Matthew "Matty" Levan is a fictional character from the third generation of the British teen drama Skins, portrayed by actor Sebastian de Souza. Matty is described as "mysterious and initially unrealistic character, because he's untouchable."

Matty is the only lead character in the history of Skins to never have a centric episode - either solo or shared. It follows that he's mainly known through relationships with some of the other characters.

Characterisation
Matty seems to appear in the fifth series out of nowhere, in a black trenchcoat and a duffle bag like a vagabond without a home. "As a character within the group, his position is initially very confusing. He has a definite charisma, with a very abstract philosophy on life, but he's just one of those characters that could go either way, and do very bad or very good things." Only after a half of the series his name is revealed, and he turns out to be Nick's older brother. Trapped in a life by a tyrannical father (Leon Levan), Matty had decided to rebel and leave home, engaged in criminal behaviour and drug abuse. His return will help Nick confront his dad and find the strength to pursue his own road.

In terms of his personality, Matty is a pensive, passional, and intuitive boy. He likes reading, composing music, and through his tastes it crops out a dark and slightly depressive side which stays hidden. "When the character was in development, he was explicitly bisexual, this element was left unsaid but he's still a bit of a nymph." In series 5, "Matty is like in the shallow end, having fun nibbling at people's feet." "What’s come away from him in series six is this veneer and the defence mechanisms he used to utilise, through a number of incredibly tragic and revelatory events." In order to cope with them Matty finally decides to cast aside all his wishes and embraces the only way to build his future.

Levan family
There is an underlying sadness in this family, an absent mother that Nick (Sean Teale), Leon (Dorian Lough) and Matty never mention, like a blank spot in their past that is influencing how they interact. Leon is a failure as a life coach (one of his patients commit suicide) and as a father, but there is also a hint that his failure to connect to his sons in any other way than as a tyrannical, emotionless coach might be rooted in whatever happened to his wife. Nick and Matty cope differently with the situation. Nick in the first part of series five has shaped himself in the image of his dad, embracing his ideology, following his rules. Matty in reverse is breaking all the rules and leaves home in order to find by himself the freedom he needs.

It's never been easy the relationship between the brothers. Matty represents the rebel part inside of Nick, what Matty's got looks to him realer because Nick is all compromise; on the other hand Nick's fake behaviour irritates Matty, who yearns that Nick can find his own route. Nonetheless there is a very strong connection between the brothers, just as Matty can't stay away from home forever and needs to come back, Nick misses his brother when he's out because Matty is the only person who understands him. Matty's return is crucial for Nick, who tempted cleverly by his brother realizes to be enslaved by Leon's expectations. Up against the choice between losing Matty again or disappointing his father, Nick in episode 5 decides to leave drastically his past and embraces change. "After Nick's change their relationship is much stronger. They are able to say things to each other that they never said before and they needed to say."

Matty and Franky
"Franky Fitzgerald (Dakota Blue Richards) is the only person in the group Matty doesn't fully understand." When Matty meets Franky, he's fascinated by her, and the same is true the other way round. Nobody's ever been so accepting with Franky as he is. She's never felt normal in her life and no-one's tried to make her feel normal, but what Matty's done is just to say: Actually you don't need to be normal because you're something even better."

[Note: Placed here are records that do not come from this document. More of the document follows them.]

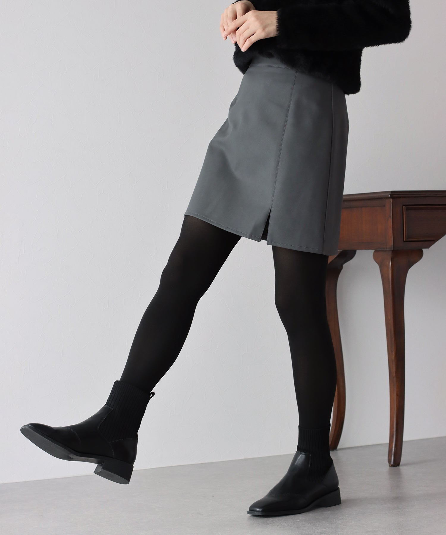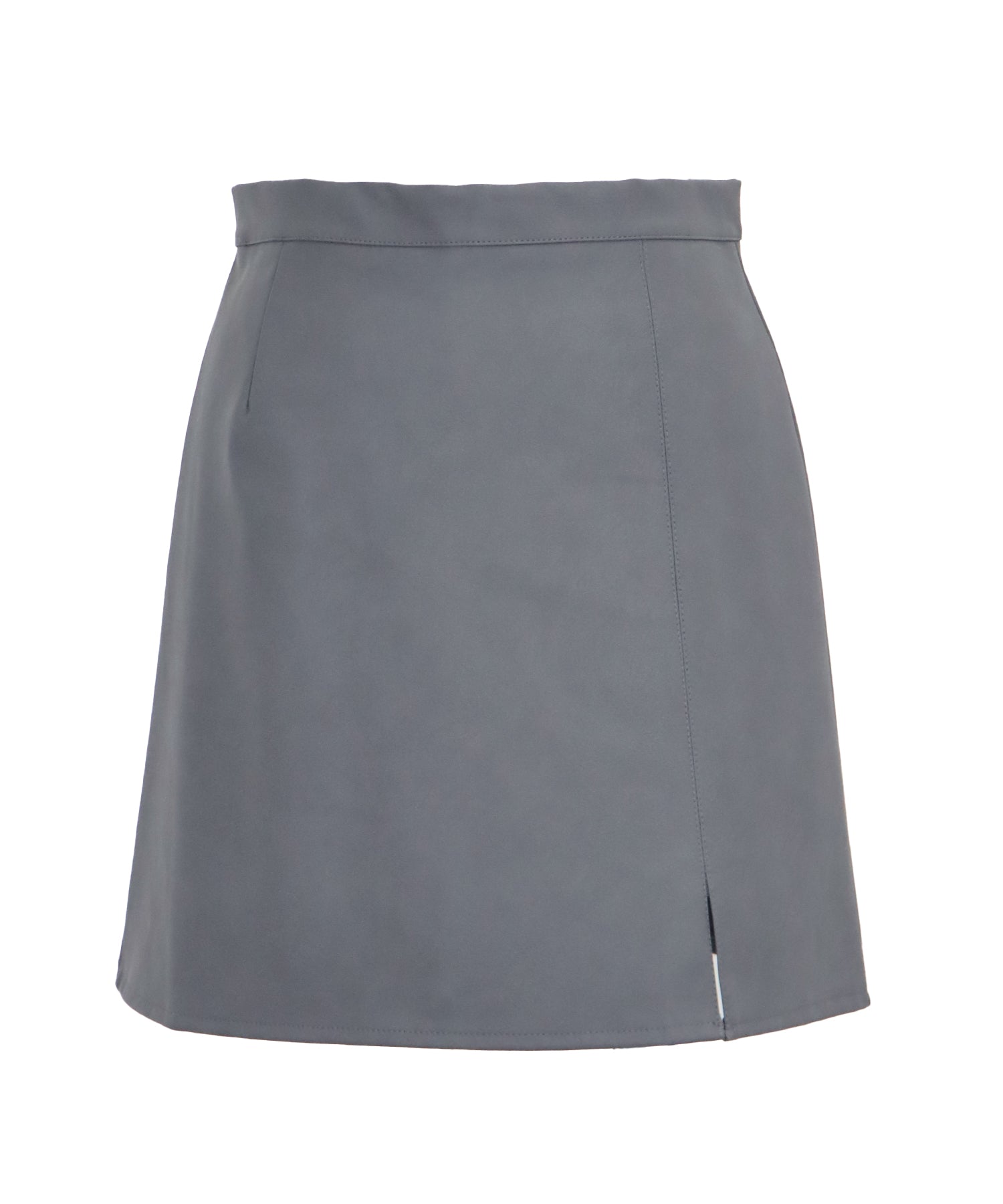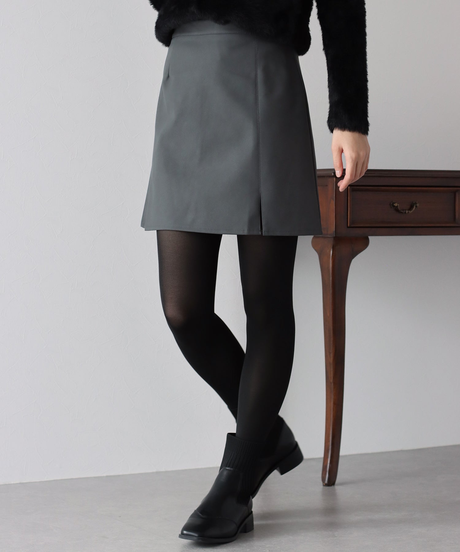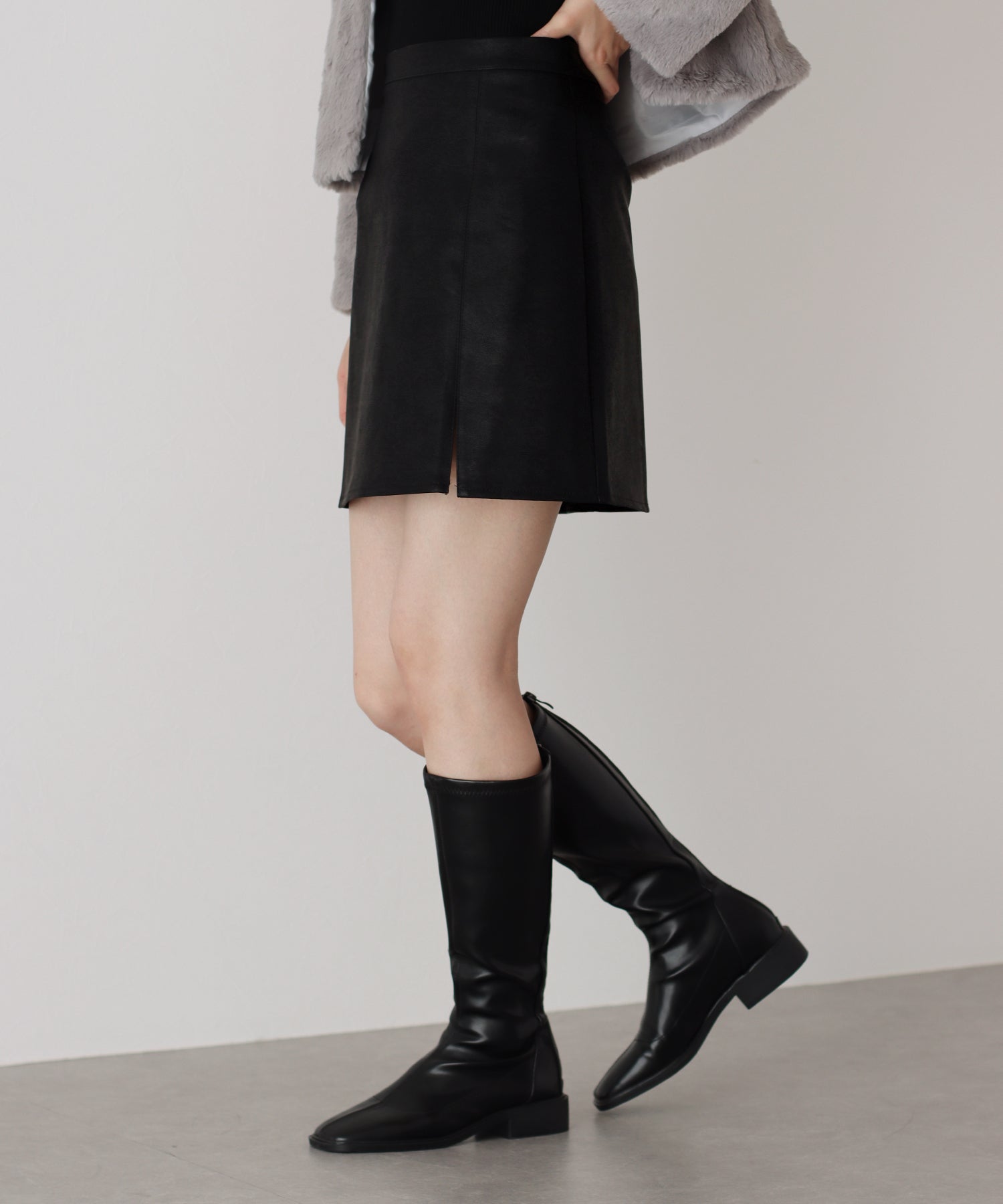 ミニ丈なのでレザーでも重たくならず、スリットがアクセントに。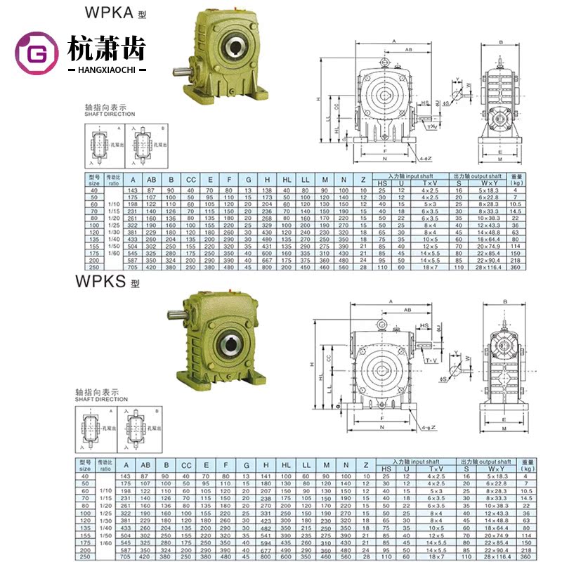 Hangxiao gear manufacturer direct selling WPKA WPKS iron shell turboworm vertical reducer speed ratio of 1:10 15 30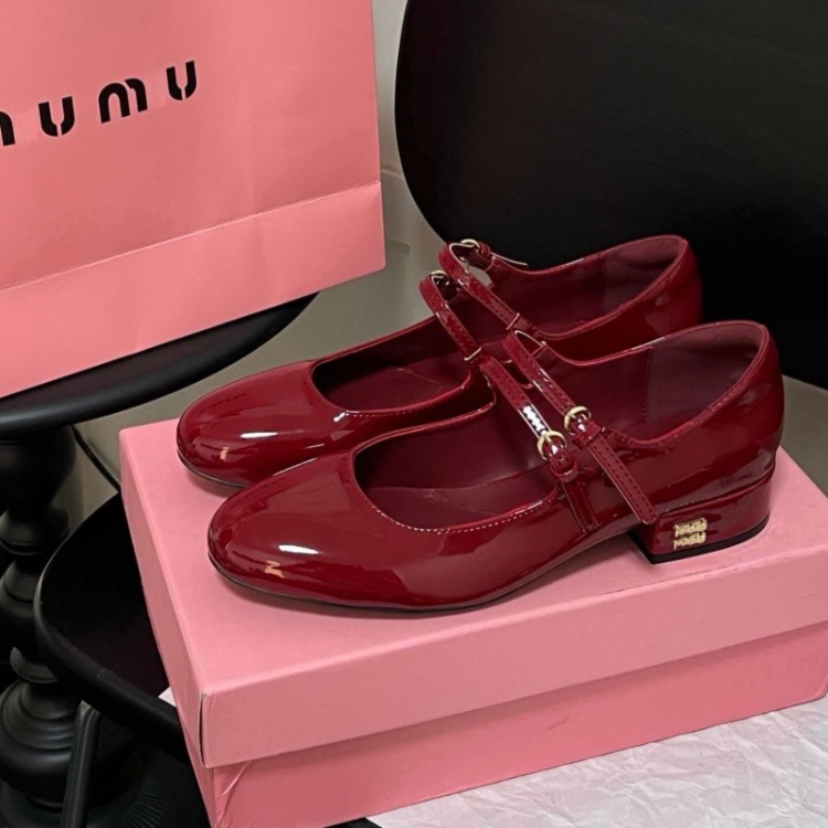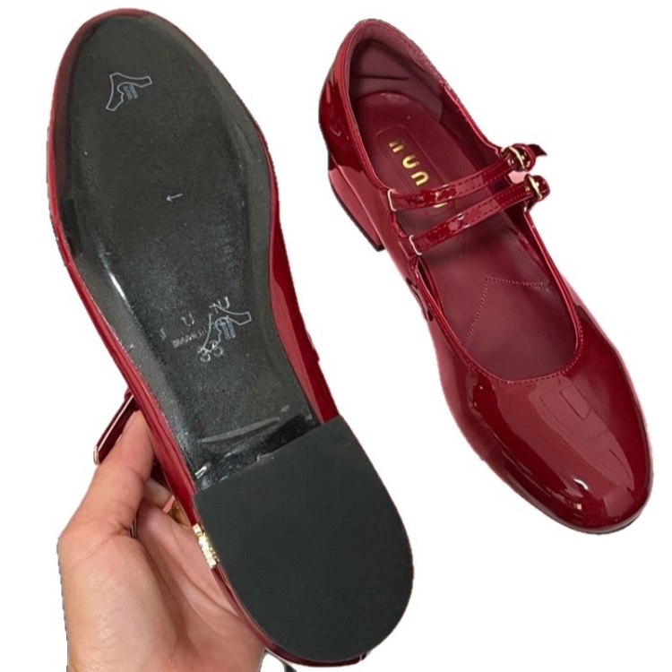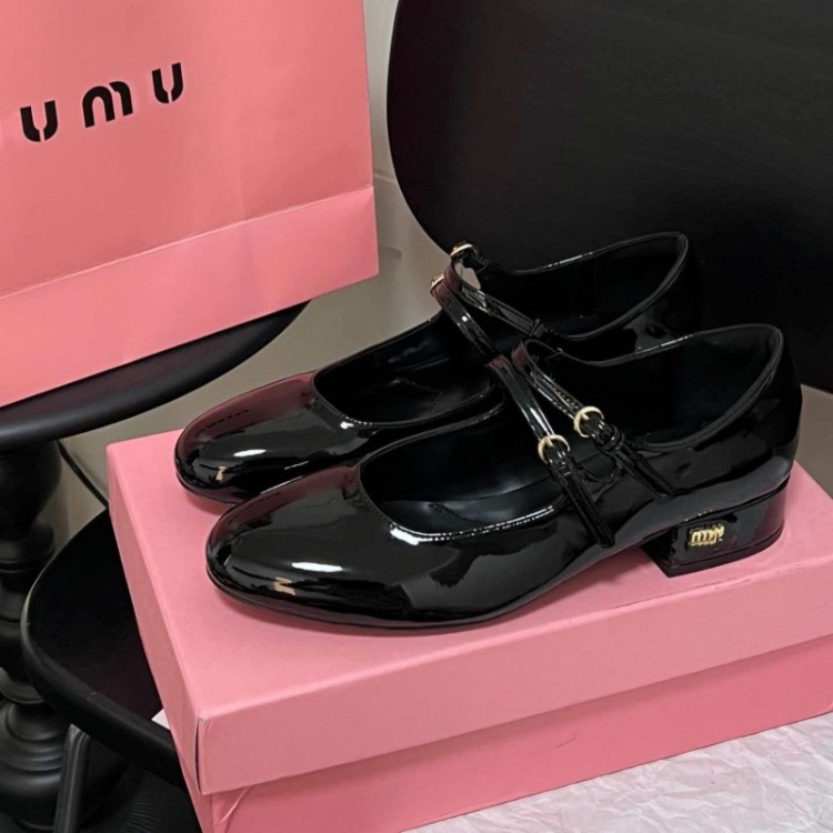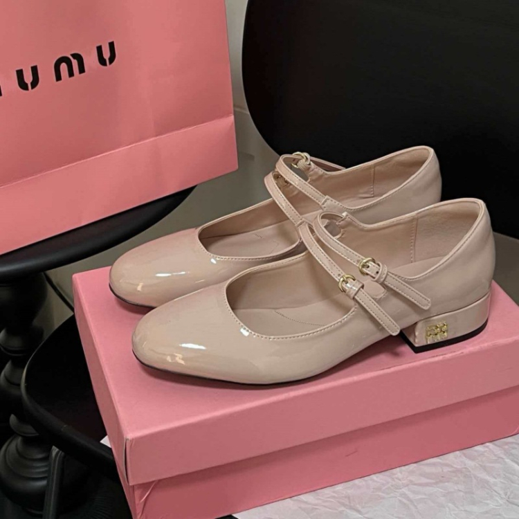 Miu Miu new double-strap round-toe mid-heel Mary Jane shoes-5720

In series 5, Franky gets chastised by people throughout the series for being "androgynous", but it's not an issue for them and that's how the connection arises between Franky and Matty. Unlike Franky, who likes him from the start because she craves feeling - Matty falls in love with her in a very slow process, began the day they met and put through the final scene. "The other people in Matty's life are like candles - they come in, bring light into his life but after a while they'll burn out and he'll get bored of them. But Franky is the light that won't go away."

Character history

Series 5
Matty first appears in "Franky", when he shows up out of nowhere running into Franky at a secluded part of the city. She's in tears after her meltdown at school, courtesy of Mini and Nick. Franky, who was in distress, immediately reacts with hostility towards him, drawing her gun on him and yelling at him to leave. Matty, however, simply approaches and challenges her to shoot him. He then tells her that she's beautiful just the way she is, which takes Franky completely by surprise, and leaves. This experience empowers Franky enough to persuade her to confront Mini.

In "Mini", Franky looks through the crowd at Roundview's fashion show after-party and briefly spots Matty. She shyly smiles at him but he soon walks off before she can approach him.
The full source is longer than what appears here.